> LONG.
Long cet assaut, longues ces minutes d'horreur dans les locaux de
Charlie Hebdo, au matin du 7 janvier 2015.
Longs les 10 mois suivants, long le calvaire enduré par
Philippe Lançon, longue la reconstruction faciale, la cicatrisation du corps et de l'esprit, longues les opérations chirurgicales répétées et les nuits de douleur.
Et long, trop long son témoignage...
> HACHÉ.
Haché le récit de l'attaque, le staccato des coups de feu.
Haché-menu le visage de Lançon, mâchoire en miettes, chair et denture broyées.
Haché aussi son texte, décousu, presque destructuré, qui mêle introspections, journal de bord des soins quotidiens, chronologie des interventions chirurgicales et souvenirs divers, évocations d'amis, de voyages, d'habitudes anciennes, réminiscences du monde d'avant analysées/décortiquées/autopsiées à la lumière clinique du monde d'après.
> ÉPROUVANT.
Éprouvante cette immersion dans le milieu hospitalier, émaillée de comptes-rendus médicaux nombreux et approfondis.
Éprouvantes les descriptions détaillées des plaies, escarres, mutilations et autres stigmates peu ragoutants, éprouvant le lent retour à la vie, la résurrection d'entre les morts, plutôt la réincarnation dans un corps nouveau, meurtri, étranger.
Éprouvante enfin cette lecture, qu'à mon grand regret j'ai eu bien du mal à terminer...
* * *
Bizarrement (oserais-je l'avouer ?), je n'ai jamais réussi à entrer vraiment en empathie avec l'auteur, alors même qu'il revient de l'enfer et aurait dû fort logiquement susciter toute ma compassion.
C'est quand même un comble !
Si quelqu'un devait m'émouvoir, c'était pourtant bien cet homme en reconstruction, ce blessé de guerre parisien, cette gueule cassée si singulière tombée au champ d'honneur (non pas dans la boue de Verdun, ni dans celle de Kaboul ou de Diên Biên Phu, mais plutôt sur la moquette d'une petite salle de réunion tout à fait commune, rue
Nicolas-Appert, Paris XIème, en pleine conférence de rédaction).
L'autoanalyse à laquelle se livre
Philippe Lançon, si elle n'est pas dénuée de style et bien souvent de pertinence, est tellement diluée dans un gloubiboulga de digressions en tous genres (souvenirs de voyage, d'articles de presse, de rencontres, réfèrences pêle-mêle à
Houellebecq, Kafka ou
Proust...) que j'ai plus d'une fois perdu le fil.
Il est difficile - et sans doute malvenu - de qualifier "d'égocentrique" la victime innocente (par définition) d'un attentat terroriste, mais je reconnais honteusement n'avoir pas éprouvé de sympathie particulière pour un narrateur qui, s'il fait preuve d'une impressionnante faculté de distanciation, n'hésite pas à se mettre en scène sur plus de 500 pages avec une franchise et une simplicité qui m'ont parfois semblé trop artificielles...
Philippe Lançon est donc un survivant bavard, il aime à ressasser, à détailler chaque recoin de sa chambre 106 et à forer toujours plus loin le gouffre béant de son traumatisme.
Ce pavé largement encensé fit-il partie intégrante de sa convalescence ?
Certainement.
Qu'y ai-je découvert ? Que vais-je en retenir ?
Rien dont je n'avais déjà que trop conscience : l'horreur absolue de la barbarie islamiste et la souffrance infinie de ceux qui tentent de s'en relever.
J'espère au moins pour l'auteur du dit pavé - à la qualité littéraire indéniable - que cette thérapie par l'écrit fut efficace.

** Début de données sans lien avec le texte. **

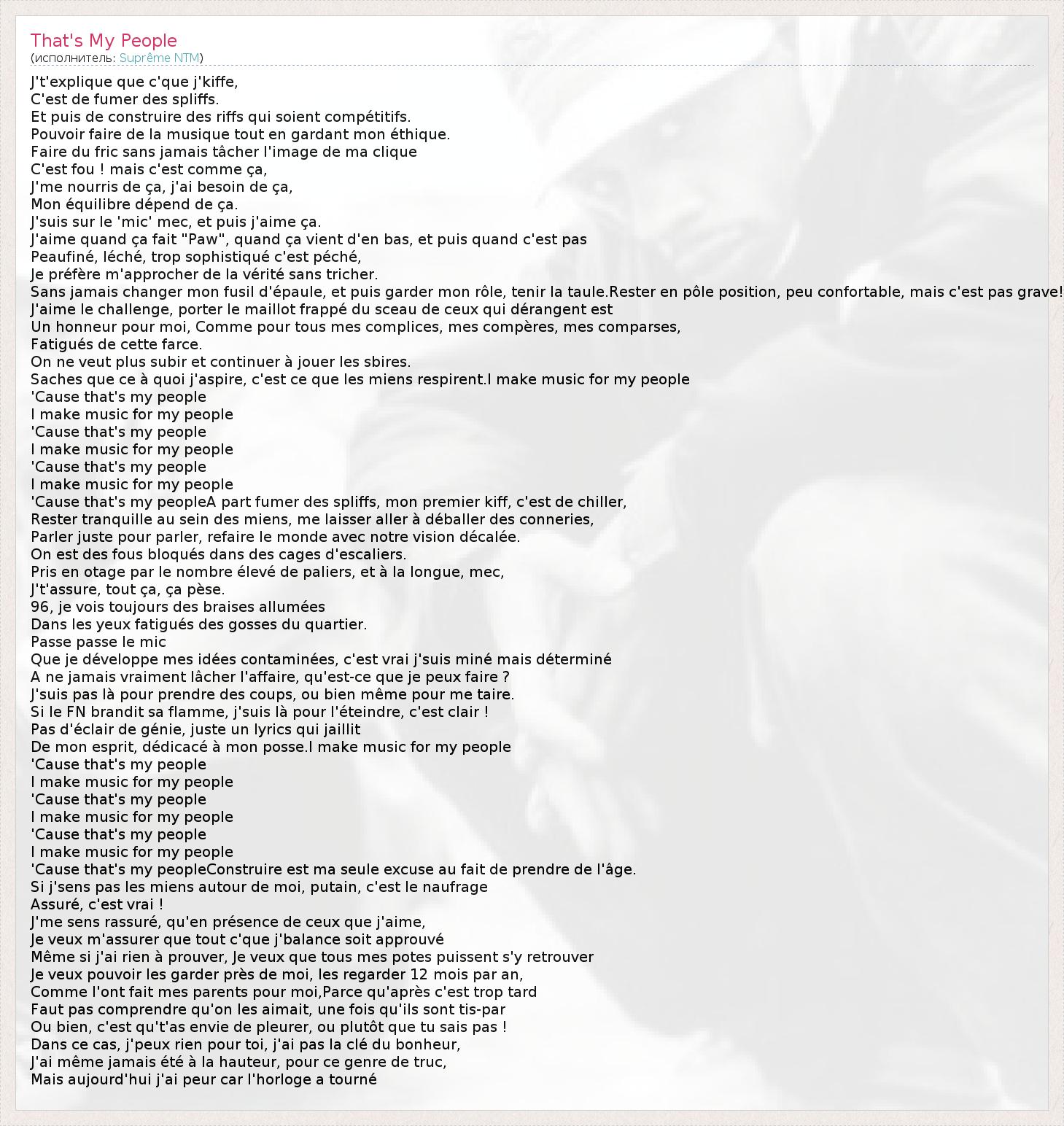 J't'explique que c'que j'kiffe, C'est de fumer des spliffs. Et puis de construire des riffs qui soient compétitifs. Pouvoir faire de la musique tout en gardant mon éthique. Faire du fric sans jamais tâcher l'image de ma clique C'est fou ! mais c'est comme ça, J'me nourris de ça, j'ai besoin de ça, Mon équilibre dépend de ça. J'suis sur le 'mic' mec, et puis j'aime ça. J'aime quand ça fait "Paw", quand ça vient d'en bas, et puis quand c'est pas Peaufiné, léché, trop sophistiqué c'est péché, Je préfère m'approcher de la vérité sans tricher. Sans jamais changer mon fusil d'épaule, et puis garder mon rôle, tenir la taule.Rester en pôle position, peu confortable, mais c'est pas grave! J'aime le challenge, porter le maillot frappé du sceau de ceux qui dérangent est Un honneur pour moi, Comme pour tous mes complices, mes compères, mes comparses, Fatigués de cette farce. On ne veut plus subir et continuer à jouer les sbires. Saches que ce à quoi j'aspire, c'est ce que les miens respirent.I make music for my people 'Cause that's my people I make music for my people 'Cause that's my people I make music for my people 'Cause that's my people I make music for my people 'Cause that's my peopleA part fumer des spliffs, mon premier kiff, c'est de chiller, Rester tranquille au sein des miens, me laisser aller à déballer des conneries, Parler juste pour parler, refaire le monde avec notre vision décalée. On est des fous bloqués dans des cages d'escaliers. Pris en otage par le nombre élevé de paliers, et à la longue, mec, J't'assure, tout ça, ça pèse. 96, je vois toujours des braises allumées Dans les yeux fatigués des gosses du quartier. Passe passe le mic Que je développe mes idées contaminées, c'est vrai j'suis miné mais déterminé A ne jamais vraiment lâcher l'affaire, qu'est-ce que je peux faire ? J'suis pas là pour prendre des coups, ou bien même pour me taire. Si le FN brandit sa flamme, j'suis là pour l'éteindre, c'est clair ! Pas d'éclair de génie, juste un lyrics qui jaillit De mon esprit, dédicacé à mon posse.I make music for my people 'Cause that's my people I make music for my people 'Cause that's my people I make music for my people 'Cause that's my people I make music for my people 'Cause that's my peopleConstruire est ma seule excuse au fait de prendre de l'âge. Si j'sens pas les miens autour de moi, putain, c'est le naufrage Assuré, c'est vrai ! J'me sens rassuré, qu'en présence de ceux que j'aime, Je veux m'assurer que tout c'que j'balance soit approuvé Même si j'ai rien à prouver, Je veux que tous mes potes puissent s'y retrouver Je veux pouvoir les garder près de moi, les regarder 12 mois par an, Comme l'ont fait mes parents pour moi,Parce qu'après c'est trop tard Faut pas comprendre qu'on les aimait, une fois qu'ils sont tis-par Ou bien, c'est qu't'as envie de pleurer, ou plutôt que tu sais pas ! Dans ce cas, j'peux rien pour toi, j'ai pas la clé du bonheur, J'ai même jamais été à la hauteur, pour ce genre de truc, Mais aujourd'hui j'ai peur car l'horloge a tourné
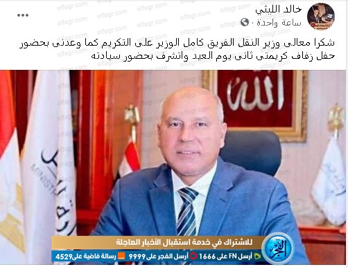واحتفل قائد قطار أسوان والمدعو خالد الليثي بتكريم الوزير له، اليوم الأربعاء، على صفحته الشخصية على الفيسبوك، قائلا: "شكرا معالي وزير النقل الفريق كامل الوزير على التكريم كما وعدني بحضور حفل زفاف كريمتي ثاني يوم العيد واتشرف بحضور سيادته".

Je regrette seulement que, trop accaparé par ses maux ("je ne souffrais pas, j'étais la souffrance", rien que ça !), il n'ait pas d'avantage intégré à son récit les autres victimes de la tuerie.
La plupart étaient pourtant ses amis : ils méritaient je trouve un hommage un peu plus appuyé, à l'image de celui que l'auteur adresse à "sa" chirurgienne, à "ses" infirmières, (notamment celle en charge du renouvellement des pansements, qu'il nomme joliment sa "Marquise des langes" !) et par extension à l'ensemble du personnel soignant.
Nous savons tous en cette triste année 2020 combien ces remerciements sont justifiés.
"Chaque homme est dans sa nuit", écrivait Hugo.
Lançon m'a fait partager la sienne en long, en large et en travers.
Il est temps maintenant de rallumer la lumière.